System abuse. That’s a term we commonly hear in EMS. And as soon as we start talking about system abuse, the talk invariably turns to EMS providers’ favorite solution for system abusers. Namely, the idea that EMS providers should be able to refuse transport to system abusers.
First of all, what constitutes a system abuser? We all know at least one of these creatures by name in our local service area. Yet, in my eleven years in EMS, I’ve yet to hear an agreed-upon definition of system abuse. It’s like the definition that former Supreme Court Justice Potter Stewart created for pornography — namely, that he knew it when he saw it.

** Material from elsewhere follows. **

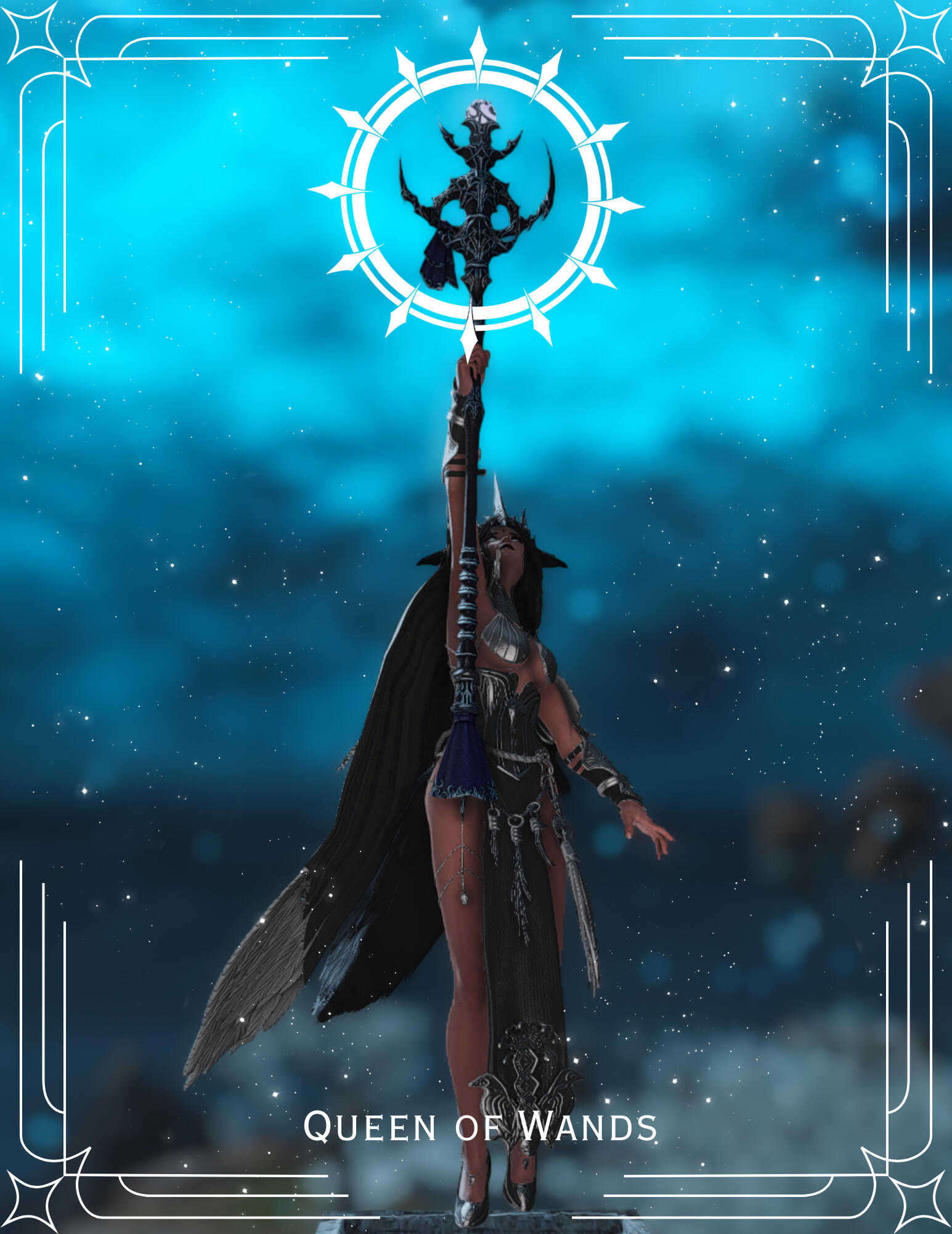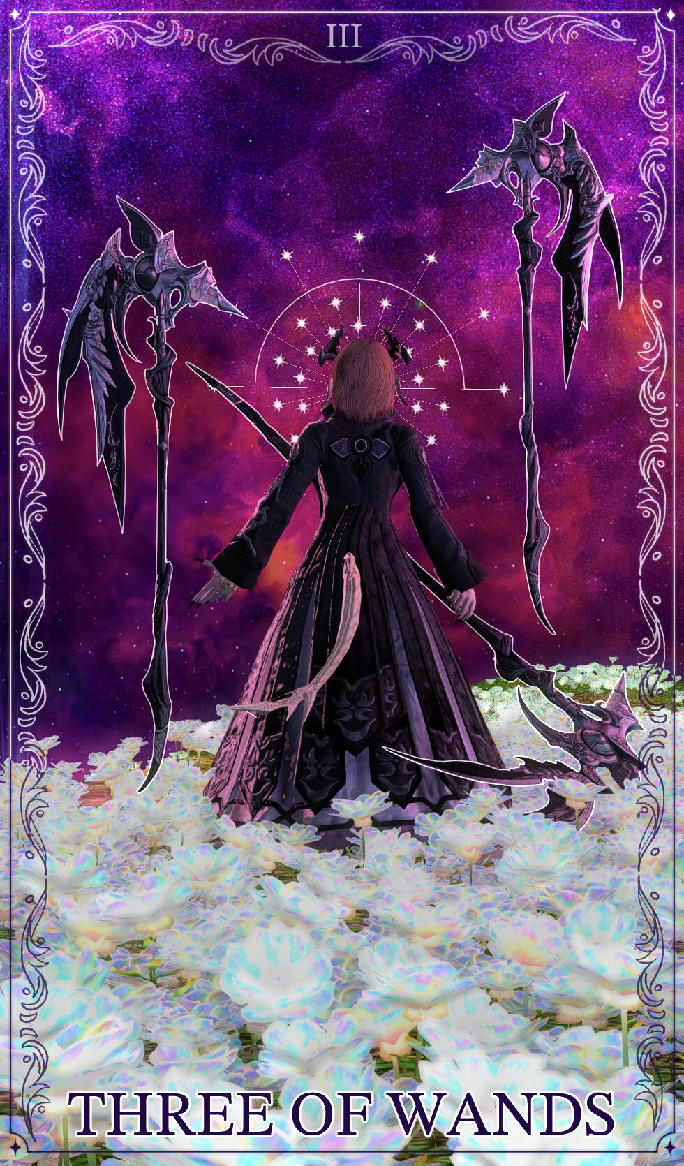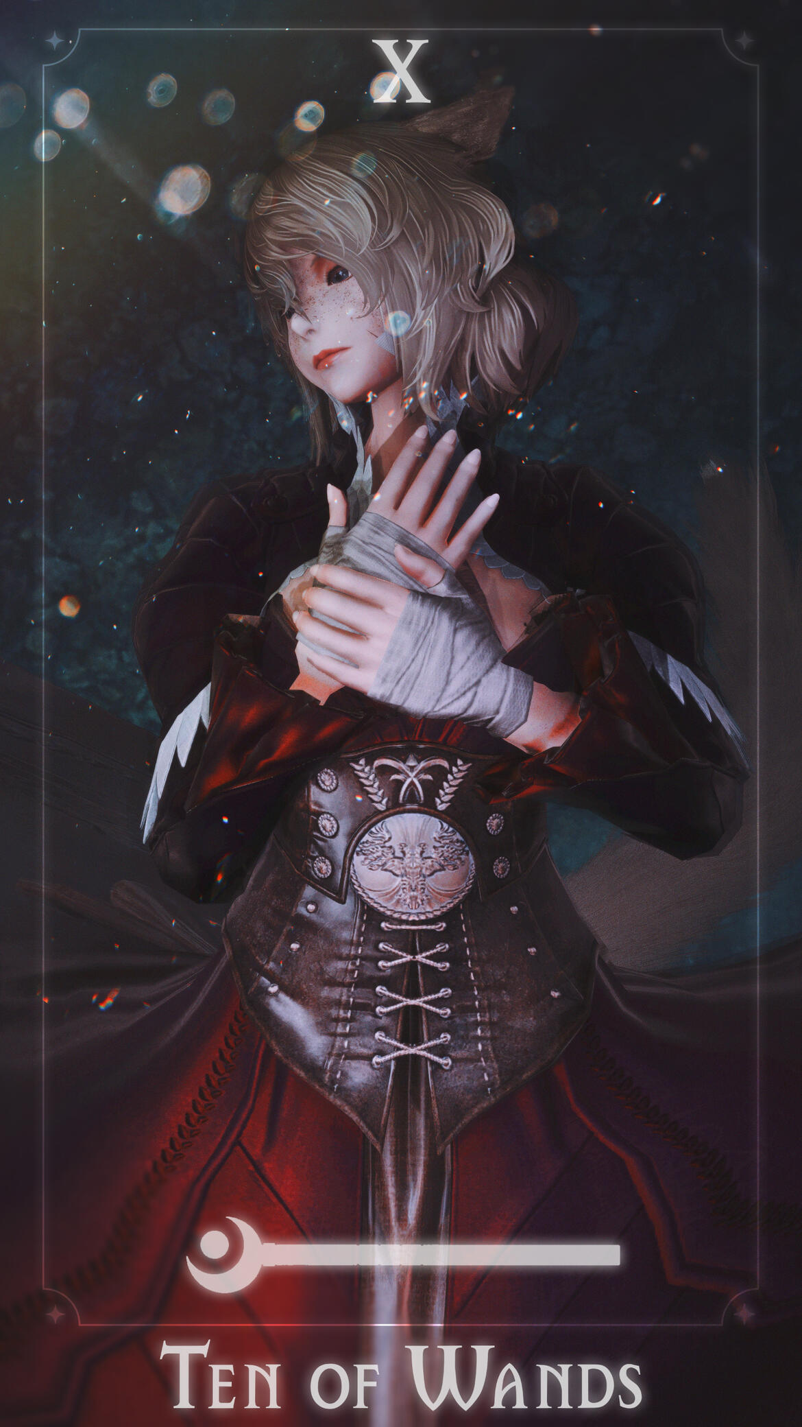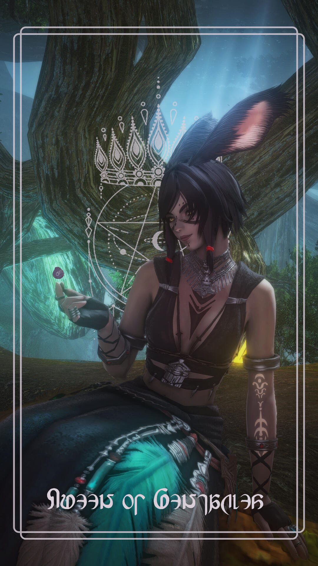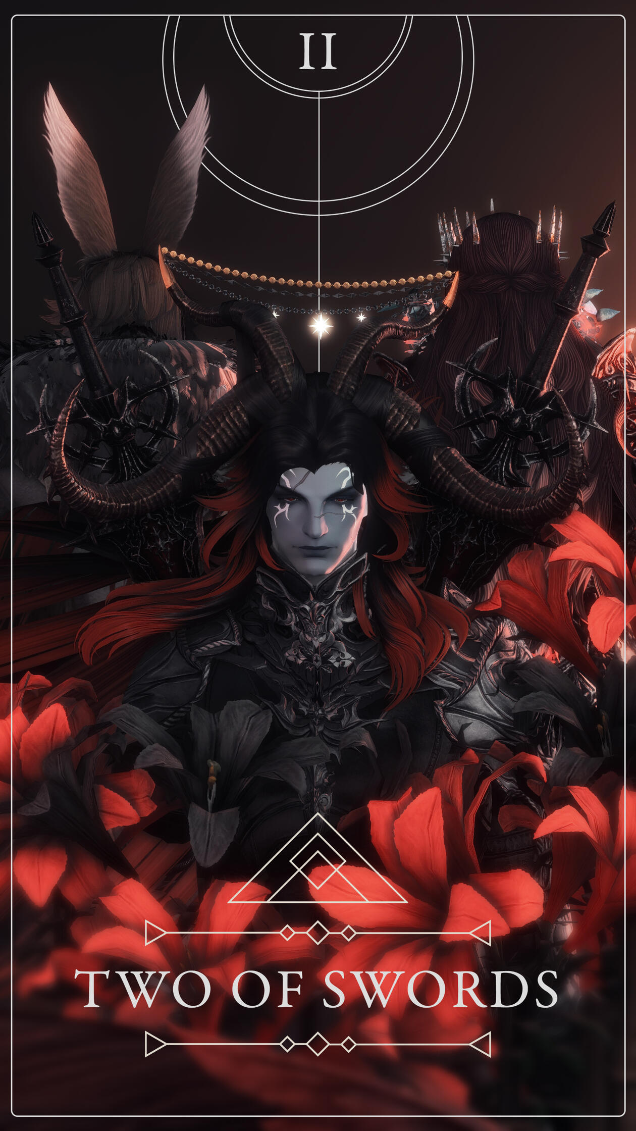 The choice for the card was due to its themes of love and success- as of 6.5- Sappho is happy with a loving girlfriend in Zero and is recovering from Endwalker and all that came before. Her path is looking up, and even reversed has good fortune, and the card also represents femininity, and Sappho is Hyper-Feminine so that matched well.As for the card itself, the elpis blooms and planet behind her representing her triumph over all that was ENW and before. She holds her red mage weapon proudly, and with the focus attached to make a staff as reference to the posing of a lot of other Empress tarot cards. She also has the azem symbol behind her head- its supposed to mimic the holy halos in older christian art while also being related to fourteen and her as a shard of Azem. But the underlying reason to all of this was I just thought it looked really cool.

Next, failing to provide treatment/transport to a so-called system abuser is a recipe fraught with peril. EMS medical directors, as a matter of risk management, have to write their protocols and policies to mitigate the risk of a poor decision being made by the worst provider in the EMS system. We’ve all seen or heard about “that guy” in our local system. The guy who missed a STEMI. The guy who doesn’t manage pain. The guy who took a trauma patient to a local community hospital. Bluntly, when the doctor (and the lawyers) think about it, the safest, easiest, least risky decision is to encourage every crew to transport (or at least offer to transport) every patient every time.
The average EMS provider has no idea of what they don’t know. Most EMS education programs excel at creating the impression that, by teaching a set of skills to “fix” some very acute medical emergencies, the average EMS provider is “doing everything that a doctor does.” After any period of time on the street working as an EMS provider and seeing the reality of our calls, we find our assessment skills in particular make us ill-suited for the reality of modern EMS — namely, the unscheduled delivery of primary care, urgent care, and the occasional emergency care.
I don’t have a solution for system abuse. However, I can tell you where the solution starts, at least in my eyes. To comprehensively address EMS system abuse, EMS providers need to work with EMS physician medical directors to develop a local protocol defining system abuse, providing alternative dispositions for these patients, and providing comprehensive medical oversight to mitigate the risk of deviating from the current accepted paradigm of taking every patient to the hospital emergency department.
My cynical side says that instead, one of two things will happen. One, we’ll just keep complaining and wishing that we had the ability to turn away patients. Two, some vendor will come up with some technological “solution” that just makes things more of a hassle than to just provide a ride to the ER.
As much as I love the practice of prehospital medicine, I sometimes think that the worst enemy of EMS is the average EMS provider. The solution to system abuse and almost every other EMS challenge is to raise the standard of what constitutes the average provider.